AMD: https://gpuopen.com/amd-support-for-microsoft-directstorage-1-1

Intel: https://www.intel.com/content/www/us/en/developer/articles/news/directstorage-on-intel-gpus.html

NVIDIA: Accelerating Load Times for DirectX Games and Apps with GDeflate for DirectStorage | NVIDIA Technical Blog

Developer Deep Dive​

Compressing Assets​

The first step in making use of GDeflate decompression is to compress the data!

In DirectStorage all the data read by a single request is compressed in isolation. Most games will arrange their data such that a single file on disk contains multiple streams. Even if the game wants to use a single file for a texture, that is likely to contain multiple streams. For example, a single texture file may have:
  • 1 stream containing metadata that will be read into system memory
  • 1 stream containing MIP 0
  • 1 stream containing the remaining MIPs
Rather than thinking in terms of compressing files, it is better to think about compressing streams. For this reason, the DirectStorage SDK does not ship with a standalone tool for compressing files. Instances of the IDStorageCompressionCodec interface can be used for this. Use DStorageCreateCompressionCodec with DSTORAGE_COMPRESSION_FORMAT_GDEFLATE to obtain an instance of the GDeflate codec. This can be used to compress (and decompress) streams. See the MiniArchive project in the BulkLoadDemo sample for an example of this in action.

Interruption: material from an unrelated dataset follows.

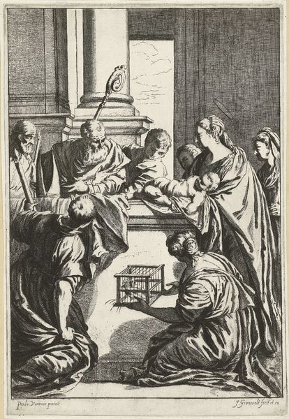 Curator: Here we have Johann Anton Riedel’s "Confession, from 'The Seven Sacraments'", an engraving from 1754, currently residing here at the Metropolitan Museum. Editor: Ah, yes. It’s instantly striking how this monochromatic world seems heavy with unspoken truths. There is such intimacy within this stark print, yet shrouded, wouldn’t you say? Curator: Definitely. Riedel captures such personal intensity through the architecture of the confessional itself, almost framing the sacred exchange happening inside. Consider, though, how confessionals are really theatrical spaces for catharsis. Editor: They are indeed stages! I find the almost formulaic nature interesting; a private ritual, a set piece of dark wood, yet the individual penitent is hopefully liberated by admitting one’s vulnerabilities. But also, observe the priest's raised hand—a very specific gesture indicating absolution, isn’t it? The open palm often indicates giving or receiving. Curator: And think of the penitent holding a rosary! Visually and conceptually they serve as a tangible connection to a higher power during this act of contrition. But consider how the artist utilizes the traditional composition of genre-painting to represent religious custom, highlighting how intertwined they were in Baroque society. It brings me to ponder: does this visual echo intensify our reading of it as sincere and historically informed? Editor: I like your turn of thought! The cross is an anchoring image that, culturally speaking, goes to great lengths toward conveying spiritual ideas in shorthand. It appears that these traditional, accessible cues are what invite people in. Curator: Looking closely now, the lines used to create the textures of robes, wood, even skin – so detailed, really conveying a rich sense of reality through just line work. The light source creates subtle depth. The ability to imply so much detail speaks volumes, particularly when one considers the limitations inherent to the etching process. Editor: Right, to take it back to that "starkness"—I had almost said emptiness—the grayscale coloring lends itself to deeper themes; to contrition, to judgment, and to hope as one hopes for forgiveness. The color story alone adds volumes beyond just simple storytelling. Curator: I agree. Riedel’s composition prompts contemplation on how physical spaces are imbued with ceremonial meanings. Editor: Ultimately, a wonderful look into humanity, the sacred, and our own shadowed selves!

Compressing Assets on non-Windows platforms​

Some developers may need to run their compression tools on non-Windows platforms. In order to enable this, we will be releasing the C++ source code to the GDeflate compressor and decompressor, and the HLSL reference implementation of the decompression. This code will be released under the Apache 2.0 license. We‘re targeting the end of 2022; more details will be posted on this blog as they become available.

GDeflate Format​

Knowledge of how GDeflate works can inform decisions about appropriate stream sizes. First, GDeflate splits the uncompressed stream into 64 KiB-sized tiles. Each tile is compressed separately. This provides the first level of parallelism – for CPU decompression, each tile can be decompressed by a different thread, and for GPU decompression, each tile can be decompressed by a single thread group. For the second level of parallelism, GDeflate arranges the data within a tile so that multiple lanes within a thread group can work in parallel on decompressing that tile.

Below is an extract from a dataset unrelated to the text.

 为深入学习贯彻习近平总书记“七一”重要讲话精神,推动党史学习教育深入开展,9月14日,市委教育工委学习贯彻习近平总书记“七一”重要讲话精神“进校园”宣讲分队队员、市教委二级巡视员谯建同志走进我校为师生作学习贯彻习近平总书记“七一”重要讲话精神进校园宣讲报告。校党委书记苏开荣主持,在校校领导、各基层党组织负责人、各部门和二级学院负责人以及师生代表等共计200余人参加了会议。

A key takeaway from this is the 64 KiB tile size. If a choice has to be made about whether or not to split some data into multiple streams – for example, whether or not to use a DSTORAGE_DESTINATION_TEXTURE_REGION or DSTORAGE_DESTINATION_MULTIPLE_SUBRESOURCES request – then understanding the tile size can help guide this decision.

Decompression​

When the CompressionFormat field on DSTORAGE_REQUEST_OPTIONS is set to DSTORAGE_COMPRESSION_FORMAT_GDEFLATE, DirectStorage will decompress the stream using GDeflate

If the request is for system memory – REQUEST_DESTINATION_BUFFER – then the CPU will be used to decompress the stream. This is to avoid the extra overhead of transferring the data to the GPU and then reading it back to system memory.

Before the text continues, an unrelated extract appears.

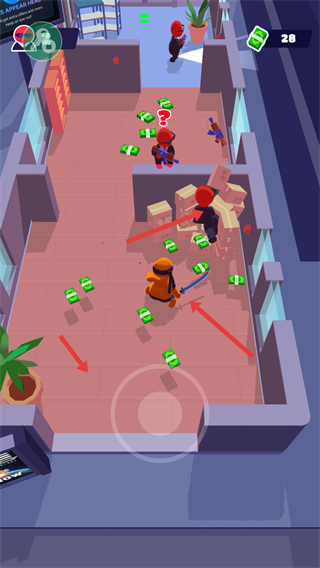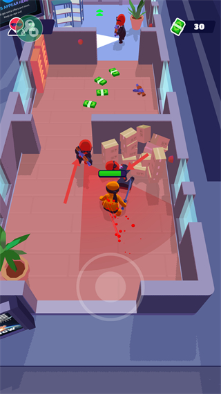 2、在場景中移動角色收集散落的金錢,同時留意敵人位置,利用地形和時機靠近敵人并將其擊殺。

The request is eligible for GPU decompression if the request’s destination is a D3D12 resource – i.e., it is one of:
  • REQUEST_DESTINATION_BUFFER
  • REQUEST_DESTINATION_TEXTURE_REGION
  • REQUEST_DESTINATION_MULTIPLE_SUBRESOURCES
  • REQUEST_DESTINATION_TILES
Image BlogFig1
Figure 1. Data flow for decompressing to a GPU resource

GPU Decompression​

DirectStorage creates a compute queue and two copy queues. The decompression takes place on the compute queue – either by executing the decompression metacommand if available, or by dispatching the DirectCompute fallback implementation. If the GPU/driver is unable to use the DirectCompute fallback, then DirectStorage will decompress on the CPU. The first copy queue is used to copy the compressed stream from system memory to the GPU. The second copy queue is used to copy the decompressed stream to the final resource.

Image BlogFig2
Figure 2. PIX timing capture showing DirectStorage reading and decompressing 1.4GiB of data.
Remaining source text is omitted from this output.